Molecular Properties
| Property | Value |
|---|---|
| Sequence | Gly-His-Lys : Cu²⁺ |
| Molecular weight | ~403 Da (with copper) |
| Native source | Human plasma (declines with age) |
| Plasma half-life | Short — rapid clearance |
| Typical topical concentration | 1-3% (cosmetic), up to 5% in dermatology trials |
| Color | Distinctive blue (copper) in solution |
What the Research Doesn''t Yet Show
- Optimal systemic dosing is not established for any research indication.
- Long-term cosmetic effects beyond 12-16 weeks of topical use have not been rigorously trialed.

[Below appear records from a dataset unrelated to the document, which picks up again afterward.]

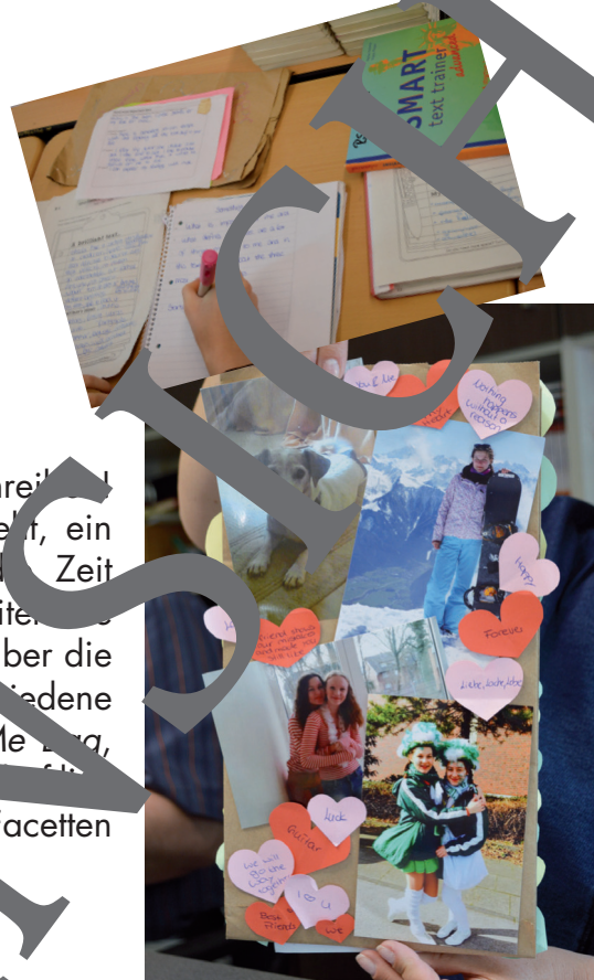
Freunde, Hobbys, Familie? – Die Me Bag zeigt, was mich ausmacht.
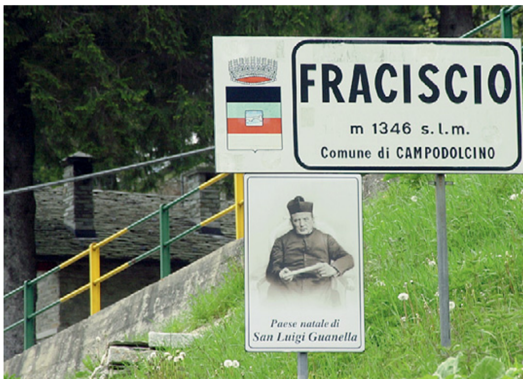
Il profilo di Luigi Guanella (1842-1915) all'ingresso della località valtellinese in cui nacque il santo

È questo il senso del percorso "Sui passi di don Luigi Guanella" che la Provincia "Sacro Cuore" dei Servi della Carità ha realizzato in occasione della canonizzazione del Fondatore, parte di un progetto più ampio sostenuto dalle Figlie di Santa Maria della Provvidenza, da Fondazione Cariplo, da numerose istituzioni, enti e associazioni locali. Un piccolo "Cammino di Santiago" tra i nostri monti e le nostre valli, che ricalca antichi tracciati (Via Spluga, Via Bregaglia, Via Francisca, Via Regina) percorsi in lungo e in largo dal "nostro" don Guanella, montanaro e camminatore instancabile. L'itinerario, di circa centocinquanta chilometri in tutto (come centocinquanta erano le Ave Maria del Rosario che egli amava recitare durante i suoi viaggi), si snoda dalle aspre montagne della valle San Giacomo alle paludi del Pian di Spagna, ai terrazzi coltivati della bassa Valtellina, alle sponde del Lario, alle città di Chiavenna e Como: un colorato ventaglio di paesaggi attraversati dal cammino, sotto «quel cielo di Lombardia, così bello quand'è bello, così splendido, così in pace», immagine di quella mano provvidente di Dio in cui don Guanella ha sempre confidato. Ed è lo
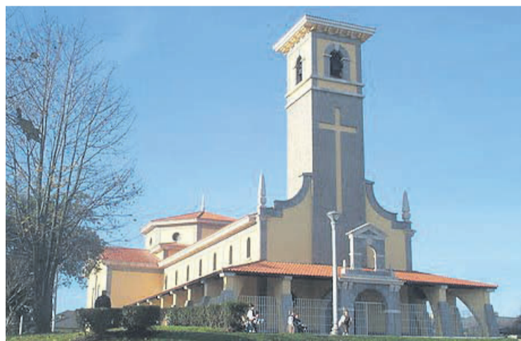
Iglesia de Santa Bárbara de Llaranes.

troamérica-, que en esta ocasión consistirá en financiar el proyecto Mujeres, agua y soberanía alimentaria , en Alta Verapaz. Y al mismo tiempo, la propia realidad de la parroquia y su entorno, donde la crisis y sus consecuencias lleva años marcando las últimas Semanas Solidarias. Ahora, además, se pondrá el acento en la emergencia de los movimientos migratorios, por lo que se han decidido a sensibilizar sobre la “construcción de
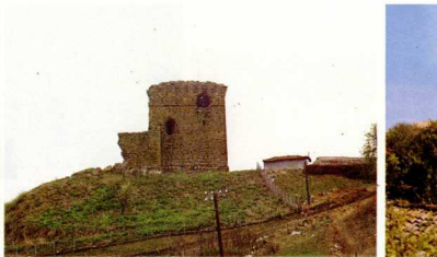
11. Πυθιον. Το κάστρο (δυτική όψη).

οικισμό γνωστό από τις βυζαντινές πηγές σαν έδρα επισκοπής, από τον 9ο μέχρι τον 14ο αι., υπαγόμενη στον μητροπολίτη Τραινουπόλεως. Όρατά τμήματα του βυζαντινού οικισμού είναι μέρος του οχυρωματικού του περιβάλλου, με κυκλικούς και ορθογώνιους πύργους και τρείς ναοί που άποκαλύφθηκαν πρόσφατα. Ό πρώτος ναός, τρίκλιτη μεσοβυζαντινή βασιλική, 9ου-10ου αι. άποκαλύφθηκε εντός του σημερινού οικισμού και δίπλα στη μεταβυζαντινή έκκλησία τής Άγίας Άναστασίας (1800-1833). Στίς άρχές του 20ου αι. κτίσθηκε πάνω στά έρείπια τής βασιλικής τού μουσουλμανικό τέμενος τής Μάρκρης.
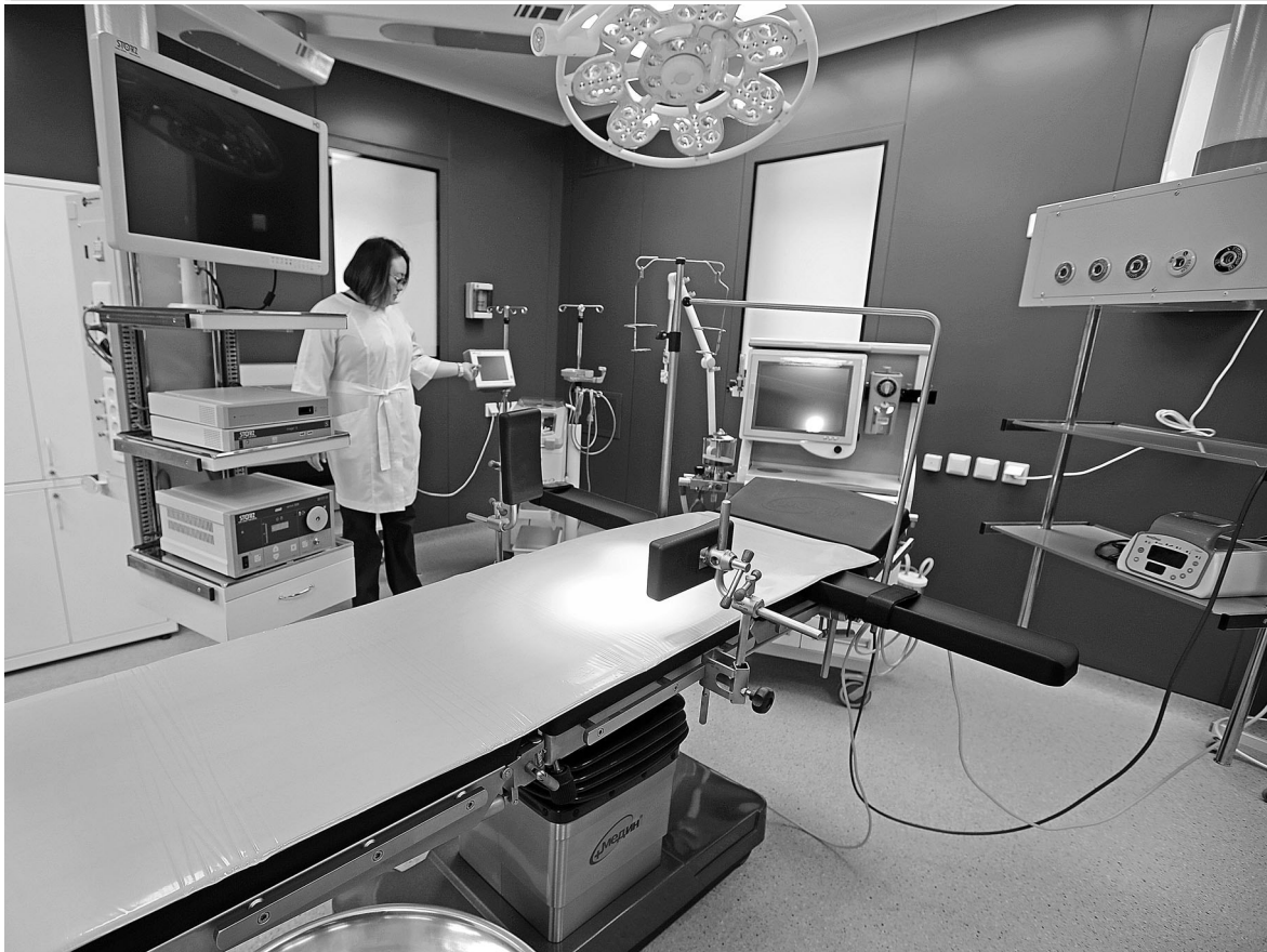
На Среднем Урале завершилась реконструкция хирургического корпуса и операционного блока Верхнепышминской центральной городской больницы им. Бородина. На капитальный ремонт и оснащение медицинского учреждения новым оборудованием областной бюджет выделил более 210 миллионов рублей. От постройки 1973 года остались только стены.
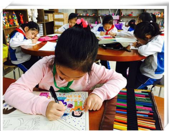
“好习惯伴我成长”绘画比赛

学校还以开学典礼、毕业典礼、升旗仪式、入队仪式等为契机，有针对性地开展特色主题教育活动，凝聚引领师生。学校依托校本课程的系列化实施，开展“好习惯伴我成长——绘画比赛”、“生活达人秀”、“光盘行动，从我做起”、“用爱心点燃希望，用行动播种阳光”红领巾手拉手等主题系列活动。学生们运用画笔牢记《小学生日常行为规范》九条规范，并内化于心，外显于稳定的行为，形成良好行为规范。同时，他们不仅带动家人一起宣传光盘行动，践行惜物节俭的美德，传承着中华民族优秀传统文化，还与云南省文山州贫困小学、上海的“宝贝之家”等地开展援助活动，将爱传递。少年梦，中国梦，学生们为了远大志向而不懈努力着。他们树立起当代学生应有的言行风范，为营造优良的社会道德风尚作出贡献，社会主义核心价值观融在学生心中扎根、开花。
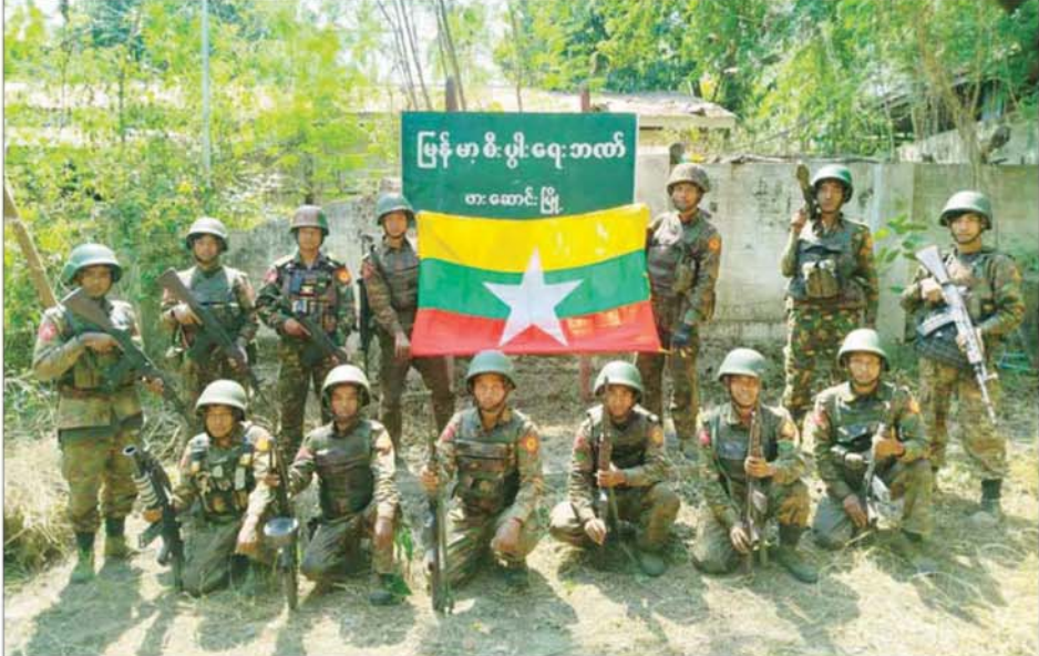
တပ်မတော်စစ်ကြောင်းများက အကြမ်းဖက်သောင်းကျန်းသူများ ယာယီစိုးမိုးထားသည့် ဖားဆောင်းမြို့အား ပြန်လည်ထိန်းချုပ်ရန် တိုက်ခိုက် ထွေရစဉ်။

နေပြည်တော် ဖေဖော်ဝါရီ ၁၅ တပ်မတော်အနေဖြင့် နိုင်ငံတော်တည်ငြိမ်အေးချမ်းပြီး ဖွံ့ဖြိုး တိုးတက်စေရန်အတွက် အကြမ်းဖက်သောင်းကျန်းသူများ ယာယီစိုးမိုး ထားပြီး အကြမ်းဖက်လုပ်ရပ်များ လုပ်ဆောင်လျက်ရှိသည့် ဒေသများ၌ အကြမ်းဖက်ချေမှုန်းမှုစစ်ဆင်ရေးများကို ဒေသခံပြည်သူများ၏ ပူးပေါင်းပါဝင်မှုနှင့်အတူ ကြိုးပမ်းဆောင်ရွက်ပြီး ပြန်လည်ထိန်းချုပ် လျက်ရှိရာ KNPP၊ KNDF အဖွဲ့များနှင့် PDF အမည်ခံအကြမ်းဖက် သမားများ ယာယီစိုးမိုးထားသည့် ကယားပြည်နယ် ဖားဆောင်းမြို့အား လည်း ယနေ့ ဖေဖော်ဝါရီ ၁၅ ရက်တွင် တပ်မတော်က အပြည့်အဝ ပြန်လည်ထိန်းချုပ်ပြီး လိုအပ်သည့် နယ်မြေလုံခြုံရေးနှင့် နယ်မြေ ရှင်းလင်းရေးလုပ်ငန်းများ ဆက်လက်ဆောင်ရွက်လျက်ရှိကြောင်း သိရသည်။ KNPP၊ KNDF အဖွဲ့များနှင့် PDF အမည်ခံအကြမ်းဖက်အဖွဲ့များ အနေဖြင့် ကယားပြည်နယ်အတွင်း အစိုးရ၏အုပ်ချုပ်မှုယန္တရား ပျက် ပြားစေရန်၊ ဒေသခံတိုင်းရင်းသားပြည်သူများ အကြောက်တရားများ လွှမ်းမိုးစေရန်ရည်ရွယ်၍ ၂၀၂၁ ခုနှစ် ဒီဇင်ဘာလမှစ၍ အကြမ်းဖက် အဖျက်အမှောင်လုပ်ရပ်များကို လုပ်ဆောင်ခဲ့ပြီး ကယားပြည်နယ်၏ မြို့တော်လှိုင်ကော်မြို့အား ထိန်းချုပ်ရန် တိုက်ပွဲများဖော်ဆောင်ခဲ့သဖြင့် တပ်မတော်စစ်ကြောင်းများက ဒေသခံပြည်သူများနှင့် ပူးပေါင်း၍ အကြမ်းဖက်သောင်းကျန်းသူများအား တိုက်ခိုက်ချေမှုန်းခဲ့ရာ အကြမ်း ဖက်သောင်းကျန်းသူများသည် ဒီးမော့ဆိုမြို့နယ်အတွင်း ဖရိုဖရဲ ဆုတ်ခွာထွက်ပြေးသွားခဲ့ပြီး မြို့၊ ကျေးရွာများတွင် ကျေးရွာသူ ကျေးရွာ သားများအသွင်ဖြင့် စိမ့်ဝင်ပုံဖျက် ဝင်ရောက်နေရာယူပြီး ပြည်သူများ အား လက်နက်အားကိုးဖြင့် စာမျက်နှာ ၁၀ သို့❖
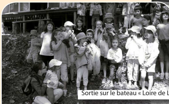
Sortie sur le bateau « Loire de Lumière »
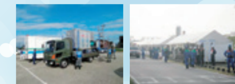
▲防災広場(イメージ)

「みんなの広場 カオカオ」は、安全性など必要な基準を満たしていることから、「岐阜市地域防災計画」において、指定緊急避難場所に位置付けています。
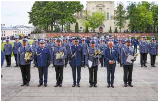
Fot. 17. Wręczenie pucharów Komendanta Głównego Policji dla policjantów w poszczególnych konkurencjach.
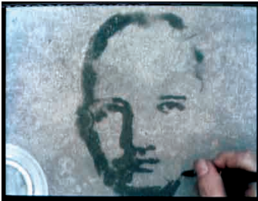
Óscar Muñoz - Re / trato , 2003.
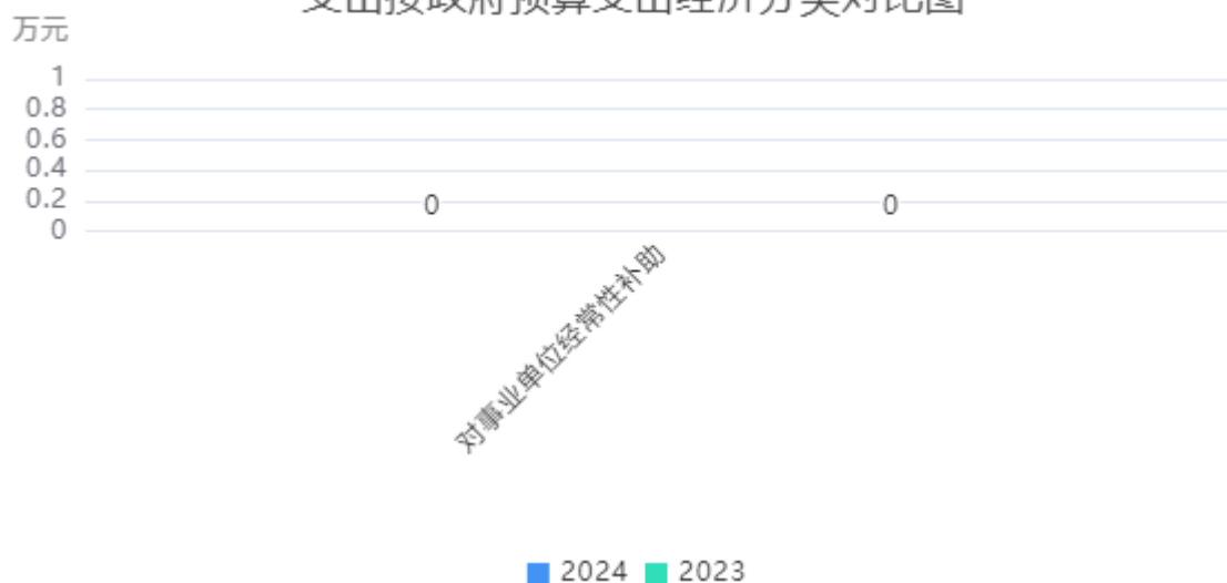
支出按政府预算支出经济分类对比图
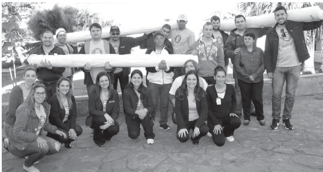
Equipe cinza entregou o tecido para confecção de lençol

O grupo cinza, composto por 54 integrantes escolheu a Santa Casa para doação dos 400 metros de tecido, com investimento de R$ 4.872. O material será suficiente para a confecção de 200 lençóis. A produção será realizada pela costureira do hospital. Para conquistar o recurso, os voluntários promoveram ações como sorteios de prêmios.
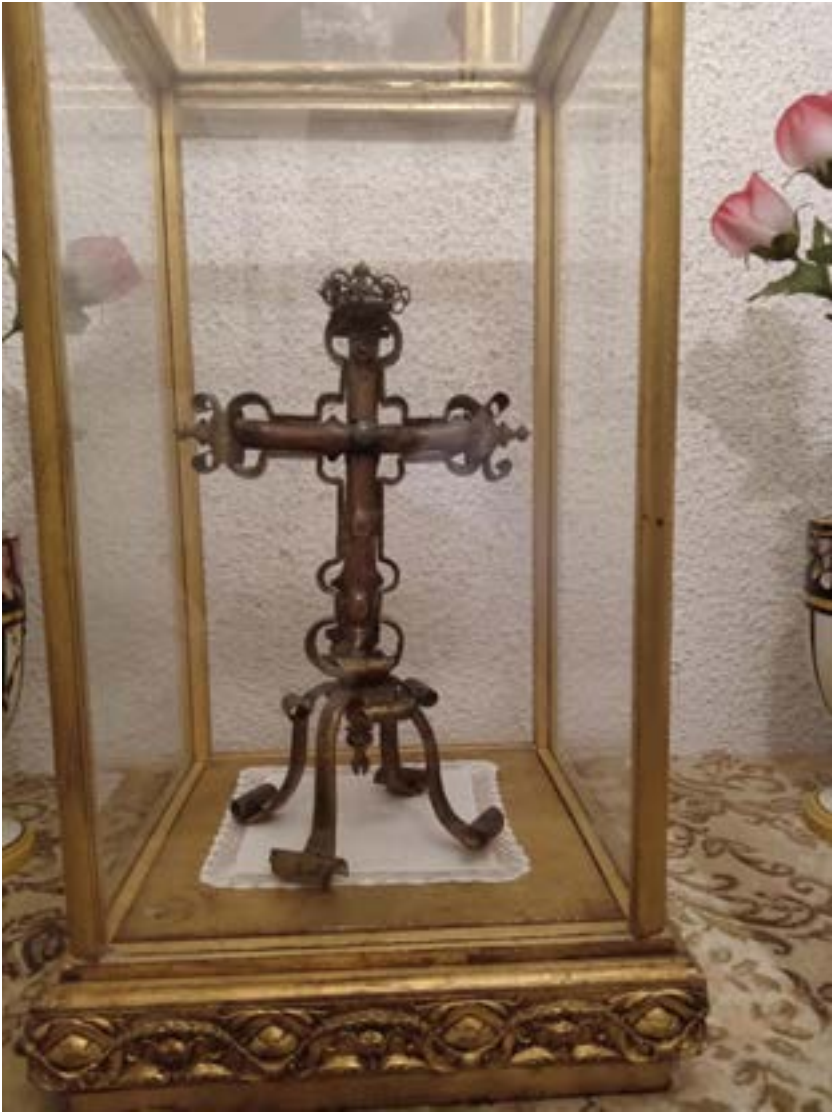
Fig. 7. Cruz de sor Mencia.

- Direct comparisons to alternative dermatology actives (retinoids, growth factors, peptide complexes) are scarce.
- Copper accumulation concerns: At high doses or in individuals with copper metabolism disorders (Wilson''s disease), copper accumulation is a theoretical concern. Clinical reports are minimal.
- Pregnancy/breastfeeding: No trial data.
Practical Considerations
For researchers studying GHK-Cu:
- Topical is the best-studied route. Research-grade formulations typically specify 1-3% GHK-Cu in appropriate carrier.
- Blue color is characteristic — reconstituted GHK-Cu solutions are blue due to the copper-peptide complex. Colorless or clear solutions may indicate degradation or absent copper.
- Handling: Light and heat sensitive. Store refrigerated.
- Purity: Research-grade suppliers should provide HPLC purity data and copper content verification.
See our GHK-Cu research profile for more mechanism detail and study links.
Where It Fits in Research Protocols
GHK-Cu appears in protocols targeting:
- Skin & anti-aging — primary research application
- Hair regrowth — topical formulations, often combined
- Injury recovery — wound healing focus
- Longevity — age-related decline in endogenous GHK motivates replacement research
Commonly studied alongside:
The Bottom Line
GHK-Cu is among the most-studied peptides in published dermatology research, with decades of topical human trial data supporting effects on skin quality and wound healing. The systemic research is substantially less mature — biology is plausible, animal models are encouraging, but the population-scale human trial evidence for injected GHK-Cu lags far behind the topical literature.
For research purposes: topical is the best-characterized route; systemic research is legitimate but should be understood as more exploratory than the cosmetic applications.
For research and educational purposes only. Not medical advice. Always consult a qualified healthcare provider.